→ Given information:
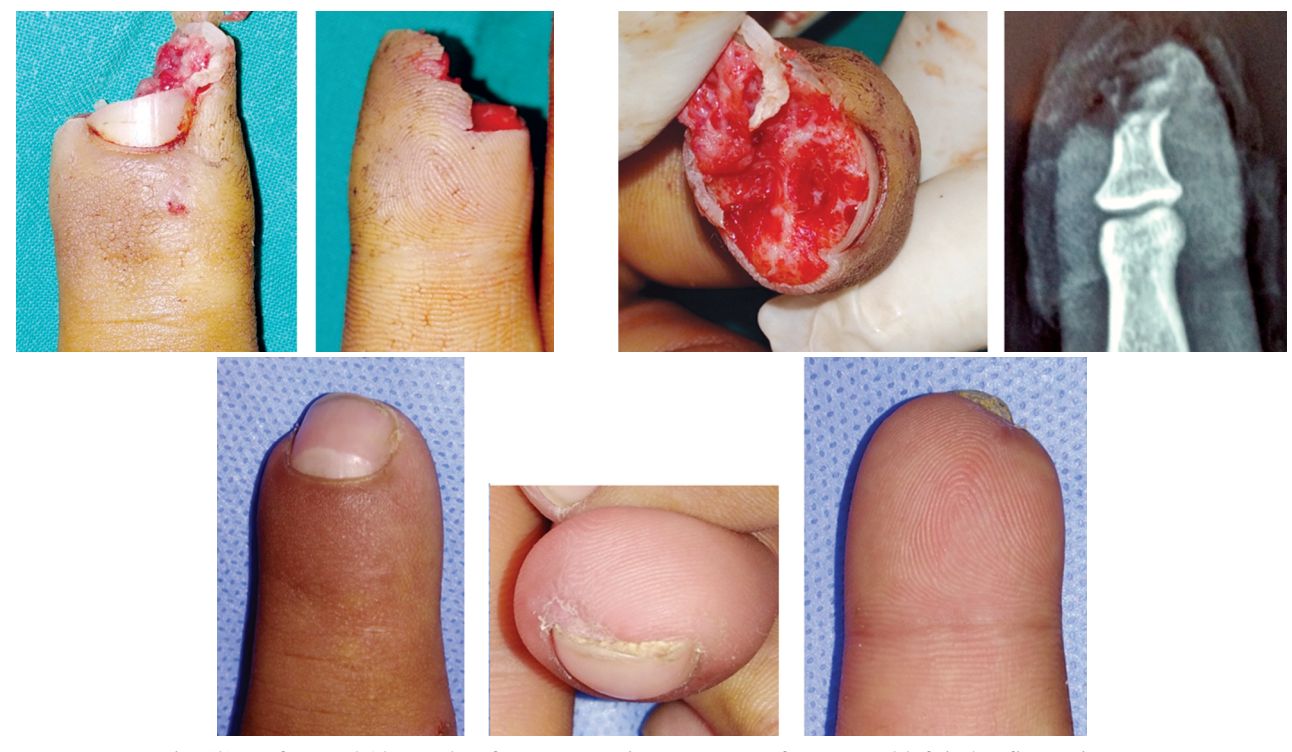
Fig. (2): Before and 10 months after conservative treatment of amputated left index finger tip.
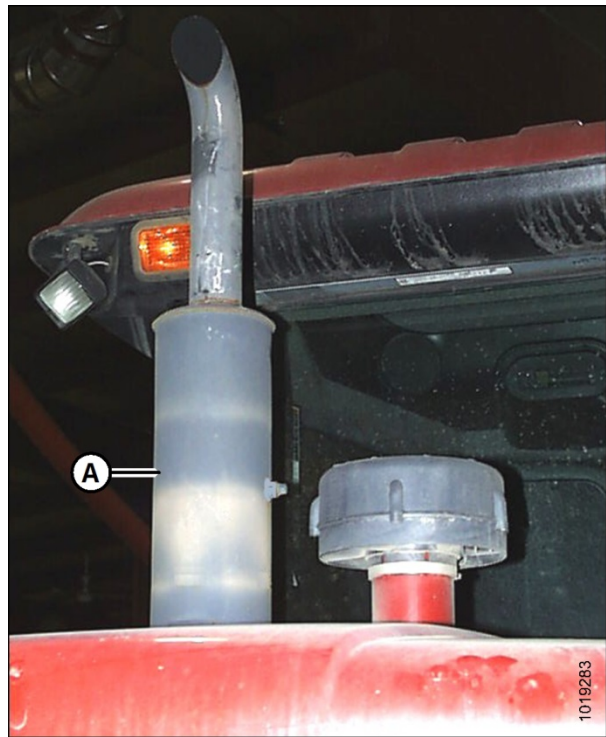
Figure 2: Existing Muffler
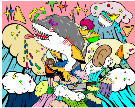
Yuree Kensaku, The Finale Fin of Shark's Fins . From the series 'Apex Predator', 2016. Image courtesy of the artist and 100 Tonson Gallery.
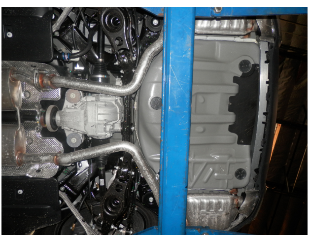
Step 1. To allow for removal of the OEM exhaust you will need to remove the underbody braces. Begin the removal of the OEM system by unfastening the X-Pipe inlets at the factory clamp locations. Next unfasten the two bolt flange behind the driver side muffler.Un-clip the ground strap from the passenger side hanger and working rearward (with the exhaust supported) extract the hangers from the rubber insulators and remove the OEM exhaust. Do not discard or damage the rubber insulators as they will be used to install the new exhaust system.

→ Problem requirements: Would you reproduce the lines above, from the very first through the line containing "Yuree Kensaku, The", exactly and without the pictures?

→ Written response:
Fig. (2): Before and 10 months after conservative treatment of amputated left index finger tip.
Figure 2: Existing Muffler
Yuree Kensaku, The Finale Fin of Shark's Fins . From the series 'Apex Predator', 2016. Image courtesy of the artist and 100 Tonson Gallery.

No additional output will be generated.